Because of these shortcomings, the robot could only complete about 58% of sutures autonomously without any restitches. So, the STAR offers more benefits and improvements regarding autonomous surgeries. Not only does the robot reduce operator workload, but it also improves patient outcomes. As autonomous surgeries become more normalized, it will help standardize surgical outcomes since they’re not dependent on a surgeon’s experience, prior training, or daily performance.

Because of this, it will enhance the accuracy and consistency of laparoscopic surgery, regarding suture bite-size, spacing, and tension, for example.
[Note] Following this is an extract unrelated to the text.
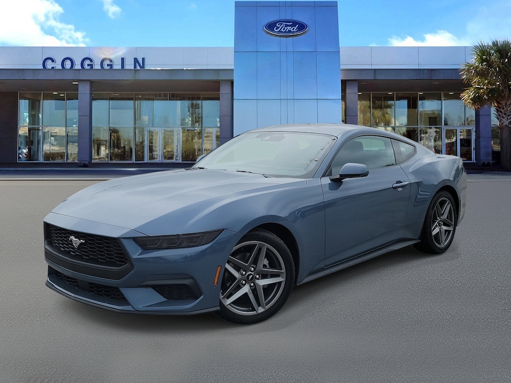 2026 Ford Mustang EcoBoost Coupe Vapor Blue, Iconic Style with Turbocharged Power The 2026 Ford Mustang EcoBoost Coupe in Vapor Blue Metallic is a modern sports car that blends iconic Mustang style with turbocharged efficiency and advanced technology. With its sleek design, track-ready features, and factory-fresh reliability, this coupe is the perfect fit for Jacksonville drivers who crave excitement, whether cruising through St. Augustine or opening it up on Southern Georgia highways. **Key Features Youll Love** * 2.3L EcoBoost engine with 10-speed automatic transmission * 19 Premier Polished Aluminum wheels with W-rated performance tires * 3.15 limited-slip rear axle for enhanced traction * Ford Co-Pilot360 with Rear Parking Sensors, Rear View Camera, and Lane-Keeping tech * 12.4 digital instrument cluster and 13.2 center touchscreen with SYNC 4 * Track Apps for performance data and selectable drive modes * Dual-zone electronic climate control for year-round comfort * Intelligent Access with push-button start and FordPass Connect modem with app integration * Premium front and rear floor liners with carpet mats * LED headlamps with signature lighting and sequential LED taillamps * Flat-bottom steering wheel, split-fold rear seat, and smart-charging USB ports * Safety features: AdvanceTrac ESC, multiple airbags including driver/passenger knee airbags, SOS Post-Crash Alert System, SecuriLock anti-theft system * Factory-backed warranty: 3yr/36k bumper-to-bumper, 5yr/60k powertrain, 5yr/60k roadside assistance **Why Buy Your New Ford from Coggin Ford Jacksonville** At Coggin Ford Jacksonville, we go beyond just selling carswe deliver a guest-first, transparent buying experience. Thats why sports car buyers across Jacksonville, Daytona, Kingsland, and Tampa choose us over Courtesy Toyota, Bozard Ford, and Duval Ford. With us, youll enjoy: * Guest-Centric Approach with support focused on your needs * Transparent, Upfront Pricing with no hidden add-ons * Priority access to fresh Ford inventory and custom ordering * Complimentary new-vehicle orientation to help you get the most out of your Mustang * Trusted local service and warranty support across Northeast Florida and Southern Georgia.

Ensuring accuracy in these parameters will reduce leaks, which will help improve patient outcomes and reduce surgical complications.

laparoscopic surgery

Final Thoughts on Autonomous Robot that Performs Laparoscopic Surgery

The future of laparoscopic surgery may be in the hands of robot surgeons. Johns Hopkins University researchers have created the world’s first robot that performed intestinal surgery without human help. This could revolutionize soft tissue surgeries in the future, reducing the need for human surgeons while improving accuracy. As technology advances, it allows us the freedom to explore our full potential. It’s an exciting time to be alive, indeed.